MRS Authentication Type

Yes

This parameter is mandatory when Connection Type is set to MRS tenant plane connection.

  • iam: A public agent or IAM account is used for authentication. If no public scheduling identity has been configured, the job execution user is used for authentication.
  • keytab: A username and a Keytab file are used for MRS authentication.
NOTE:

The token used for the IAM mode is valid for 24 hours. You need to periodically update the token by editing the data connection (save the settings without modification). The IAM mode is recommended only for test and verification. The keytab mode is recommended for scheduling tasks in the production environment.

Username

Yes

This parameter is mandatory when Connection Type is set to MRS tenant plane connection and MRS Authentication Type is set to keytab.

If you select an MRS cluster that uses Kerberos authentication, you cannot enter admin for this parameter. The username is the human-machine user or machine-machine user of the MRS cluster. This parameter is mandatory if the MRS tenant plane is used for connection.

To create a data connection for an MRS security cluster, do not use user admin. The admin user is the default management page user and cannot be used as the authentication user of the security cluster. You can create an MRS user whose password never expires by referring to Creating a Kerberos Authentication User for an MRS Security Cluster. When creating an MRS data connection, set Username to the new MRS username.

Keytab File

Yes

This parameter is mandatory when Connection Type is set to MRS tenant plane connection and MRS Authentication Type is set to keytab.

Click Select. In the displayed Driver File dialog box, select a .keytab file and click OK.

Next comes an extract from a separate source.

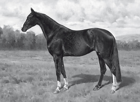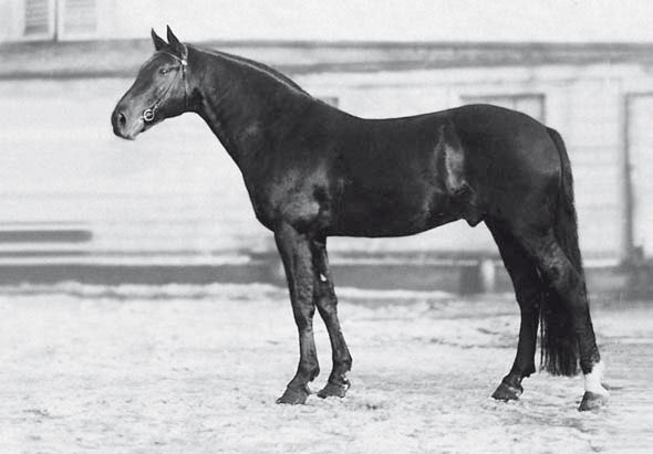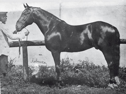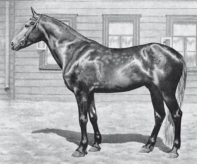Купленная вместе с ней вороная кобыла Ненаглядная пришла к Сахарову в брюхе своей матери Волшебницы, которая родилась в заводе Козловского. Волшебница была одной из тех кобыл этого завода, которых Новосельский привел в Одессу и здесь распродавал, до того как уступил весь состав завода моему отцу. Ненаглядная была хорошего происхождения, в особенности как дочь хреновского Бархатного, давшего у герцога Лейхтенбергского много превосходных кобыл. В заводе Сахарова она дала бежавший приплод, а двое ее сыновей, Ненаглядный 2.21,3 и Кошут 2.20, показали даже известный класс. Таким образом, покупка этой кобылы оказалась находкой для моего завода, но, к сожалению, Ненаглядная по тем же причинам, что и Маруся, была истощена, к тому же ей было 16 лет, так что лучшие ее дни остались в прошлом. Я получил от Ненаглядной двух безминутных вороных кобыл – Надпись и Невесту, а в 1906 году продал ее великому князю Петру Николаевичу, который формировал тогда рысистый завод.
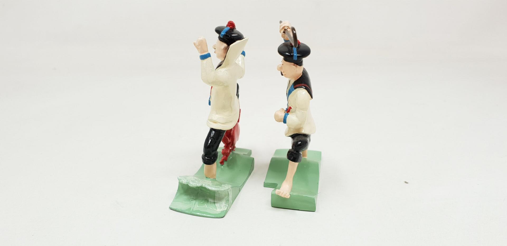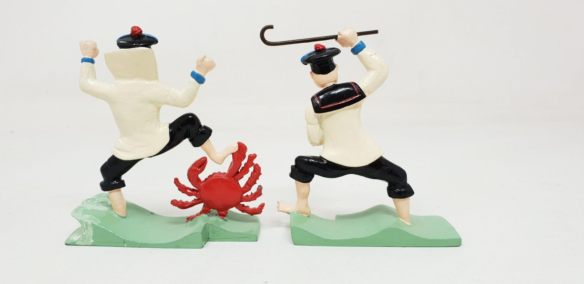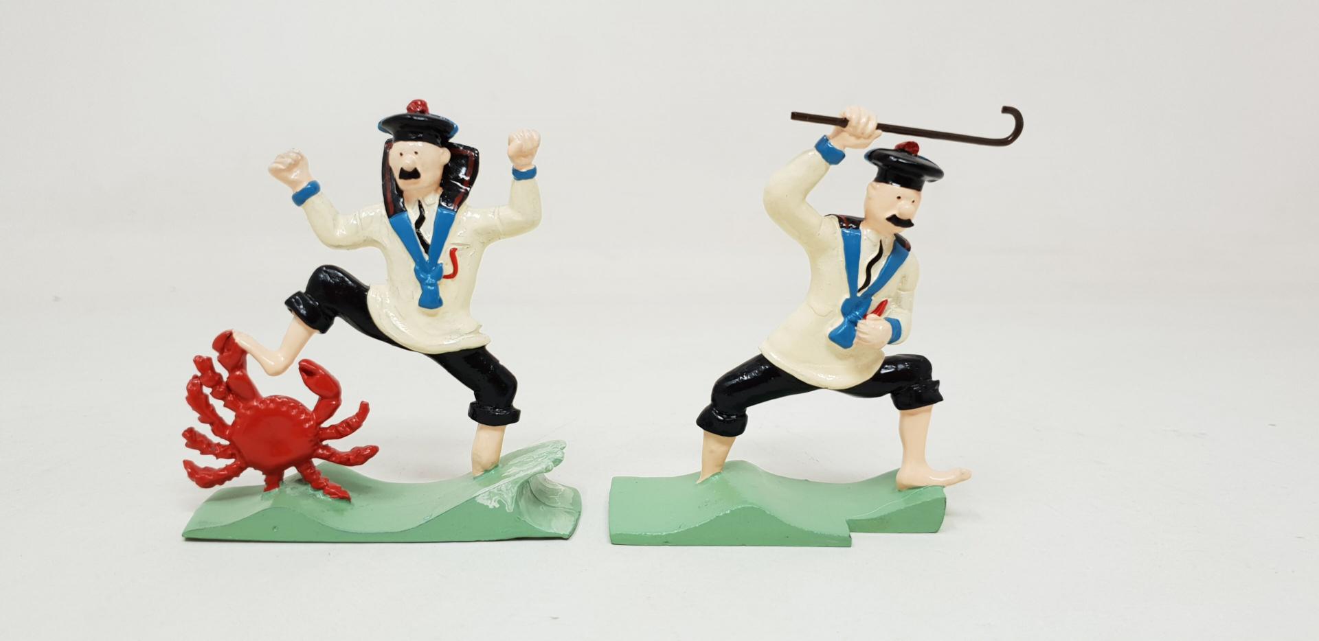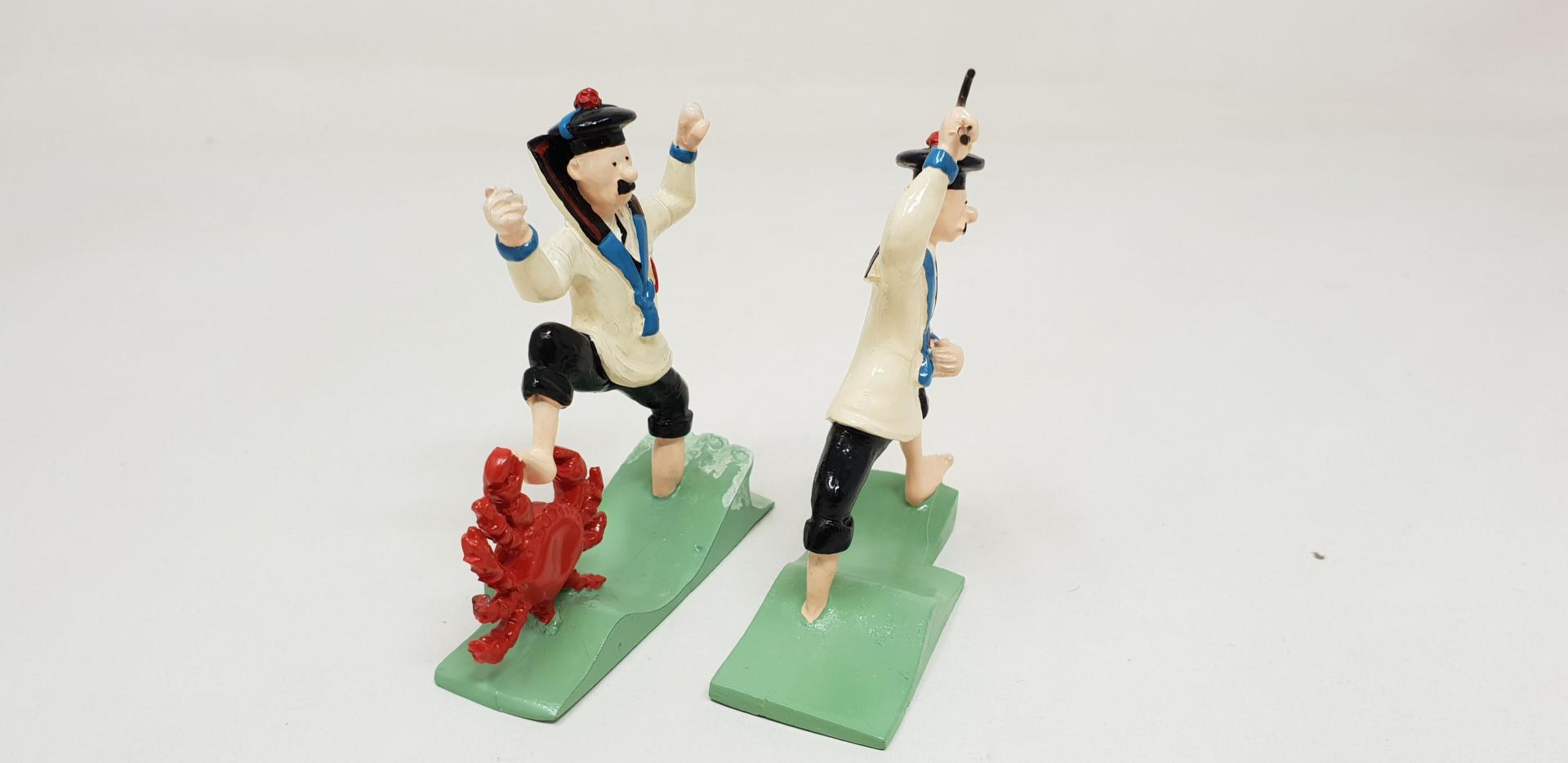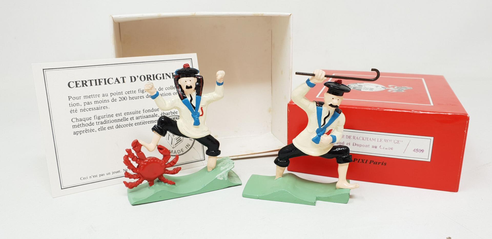 PIXI (Paris, plomb peint, 1990) réf 4509, série LE TRÉSOR DE RACKHAM LE ROUGE, deux figurines "Dupond et Dupont au crabe", H : 6.7 cm avec boîte et certificat non numéroté (rousseurs sur le fond de boîte)

If no Keytab file is available, obtain one and upload it first. To obtain a Keytab file, perform the following operations:

Log in to the MRS console, click the name of a cluster on the Active Clusters page, and click Download Authentication Credential to download a Keytab file. Then decompress the downloaded package and upload the Keytab file to the system..

NOTE:

You can upload a Keytab file only if you have at least one of the following permissions:

  • DAYU Administrator or Tenant Administrator permissions
  • Workspace administrator permissions
  • Development and production custom role with the permissions to operate RDS driver packages

Real-time Metadata Synchronization

Yes

When real-time metadata synchronization is enabled, the metadata of the connected MRS cluster is synchronized to the Data Map component in real time. You are advised to enable this function.

NOTE:
  • MRS 3.3.0 and later versions and MRS 3.1.0.0.8 and later patch versions support real-time metadata synchronization. The real-time metadata synchronization function needs to be manually enabled in the MRS cluster and bound to an agent with the DAYU User permissions for metadata synchronization authentication. For details, see Configuring Real-Time Metadata Synchronization for an MRS Cluster.
  • Whether the real-time metadata synchronization function is enabled depends on whether this function is enabled for the latest connection to the same MRS cluster in the DataArts Studio instance. That is, if real-time synchronization is disabled or enabled for an MRS connection, this function is also disabled or enabled for all connections to the same MRS cluster.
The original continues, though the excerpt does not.